MR HARGREAVES: I believe that the process is going to be an effective one. It is going to enable the community to have their input. More importantly, it will enable the community to find out what is in the minds of those people who drafted the set of first proposals, remembering that those proposals are just four. We want to see more. If people want to give them to us, that would be fantastic. We encourage that. These are information sessions. These are not decision-making processes. These consultation processes are just that. It is an information-sharing session.

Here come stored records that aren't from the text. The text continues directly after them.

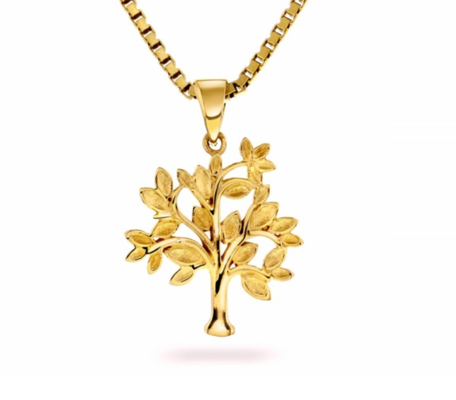 Livets tre smykke i 14 karat gult gull. Kjedet som følger med er i forgylt sølv.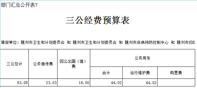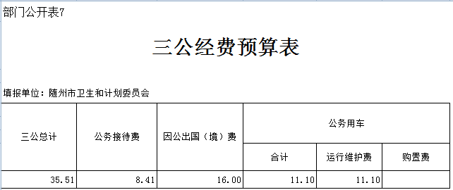 2019年隨州市衛生計生委“三公”經費預算安排35.51萬元,較上年增加3.3萬元,增幅10.25%。其中:
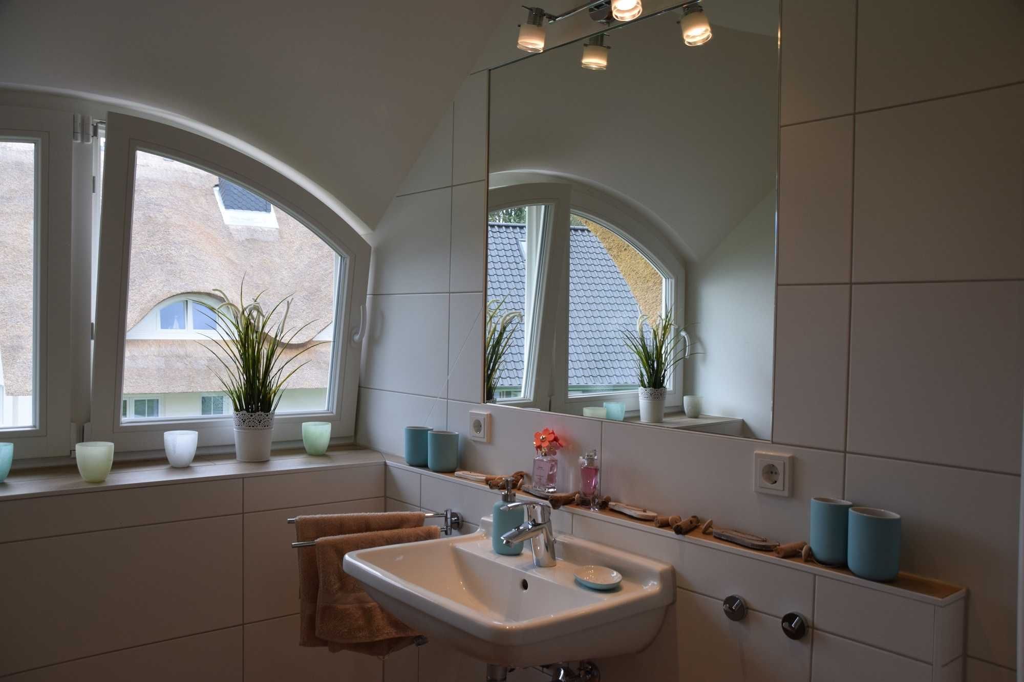 Über das Treppenhaus im Landhausstil gelangen Sie ins erste Geschoss. In den zwei Schlafzimmern finden Sie eine Kombination aus modernen Schränken mit ausreichend Stauraum sowie antiken Möbeln im Shabby Chic Design. Ein Sichtschutz ist in beiden Schlafzimmern vorhanden. Die Betten mit einer Größe von 1,80 m x 2,00 m lassen keine Wünsche offen. Das Badezimmer mit der gemütlichen Gaube und ebenerdiger Dusche und Handtuchheizkörper ist ebenso im maritimen Stil, wie das Badezimmer im Erdgeschoss eingerichtet. Hier verlässt garantiert kein Morgenmuffel das Bad. Unsere „kleinen“ großen Seeräuber finden ihr Zuhause im Spitzboden mit Piratenkoje (Einzelbett ausziehbar für einen zweiten Schlafplatz) und Muschelvorhängen. Zwei Kinderreisebetten und ein Hochstuhl steht natürlich bereit. Verdunklungsmöglichkeit vorhanden. Weitere Kinderreisebetten und Hochstühle sind kostenpflichtig zu buchbar.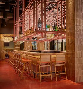 Sunda New Asian is not subtle about its influences. An eye-grabbing art installation evocative of Japanese cherry blossoms fluttering in the breeze is suspended over a pink quartzite bar, with another nearby made from pearlescent capiz shells from the Philippines. Framed photos from throughout Asia adorn another wall, mementos of the travels of founder and CEO Billy Dec.

Now, Mr Speaker, let us suggest to you that somebody really wished to go to one of these consultation processes and was not able to. What would they do? They can contact the consultant, and we will make another arrangement for them. It is as simple as that. I do notice that in the past, of course, the Liberal Party could whack on a community meeting and get 15 people in a phone box at any minute’s notice at all, yet they have temerity to criticise us.

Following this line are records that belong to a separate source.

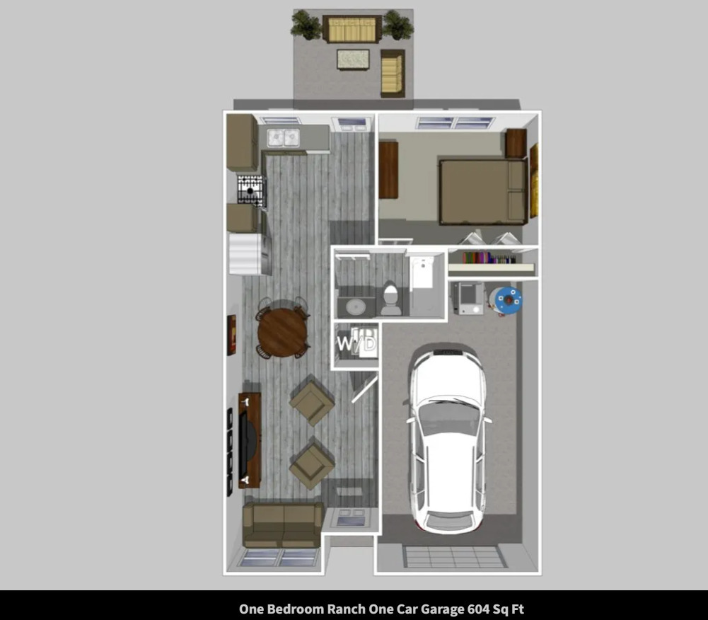 Price Availability Date Unit Sq Ft $1,150 Call for Availability Ranch with One Car Attached Garage 604 sq ft Model Amenities and Features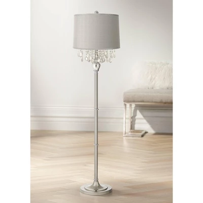 Add eye-catching appeal to your favorite room with our elegant crystal floor lamp. The design features short and long strings of crystal for dramatic sparkle while a chrome finish font on the column adds a jewelry-like touch. A beautiful platinum gray dupioni silk designer shade completes the look.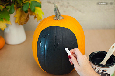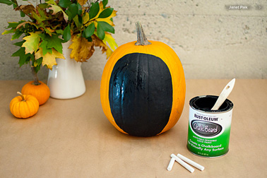 - Appliquez 3 couches de peinture à tableau noir en formant un cercle un peu élargi de 10 cm à 12 cm de large sur la partie la plus plate de la citrouille. Bien respecter le temps de séchage entre les couches successives.

This issue, Mr Speaker, has been in the public arena well and truly for a long time. The first time I went public on this was in May this year—May. Mr Speaker, I will say this again, because Mrs Dunn had her attention distracted by one of her colleagues: if somebody wants to go to these sessions and cannot get to it, there will be other arrangements made for them to get the same information—very simple. This is an honest process, and these people can rant and rave and carry on until the cows come home, but this is a process which is genuine, Mr Speaker, and one which will give certainty to the community and will move them forward.

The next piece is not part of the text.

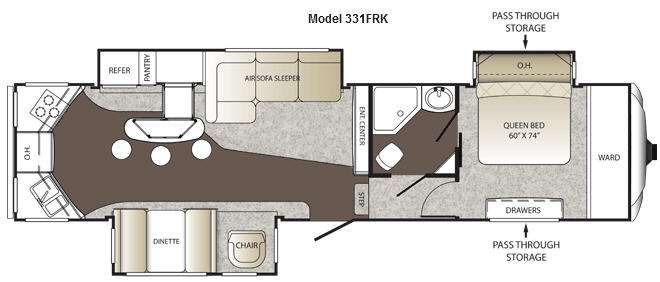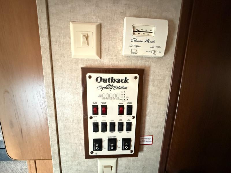 Sydney FW by Outback w/Rear Kitchen Including: 3 Burner Range, Dbl. Kitchen Sink, Overhead Storage, Refrig./Pantry/Counter w/Bar & Stools/Air Sofa Sleeper Slideout, Ent. Center w/32" Flat Screen TV, Booth Dinette & Chair Slide, Step Up to Side Aisle Bath w/Angle Shower, Toilet, Sink, Linen Cabinet, Dbl. Bath Entry, Front Queen Bed Slide w/Overhead Storage, Dresser, Front Wardrobe, Front Pass-Thru Storage and Much More!

As I said, there are two types of people: those people that wish to continue to litigate the closure of the schools, and those opposite sit in that group, and there are people who want the community to move forward, and those are the people we want to hear from.

Outdoor cafes

MR SMYTH: My question is to the Minister for Territory and Municipal Services. Minister, on 28 June this year you approved an increase in a range of fees that apply to outdoor cafes where the proprietors of these cafes wish to place objects in a public place. In the explanatory statement that accompanied the notice of these new fees you said:

Fees for the placement of objects for outdoor cafes in a public place have been increased by 33 per cent from 1 July 2007. This increase is part of a program to increase these fees by 100 per cent over three years.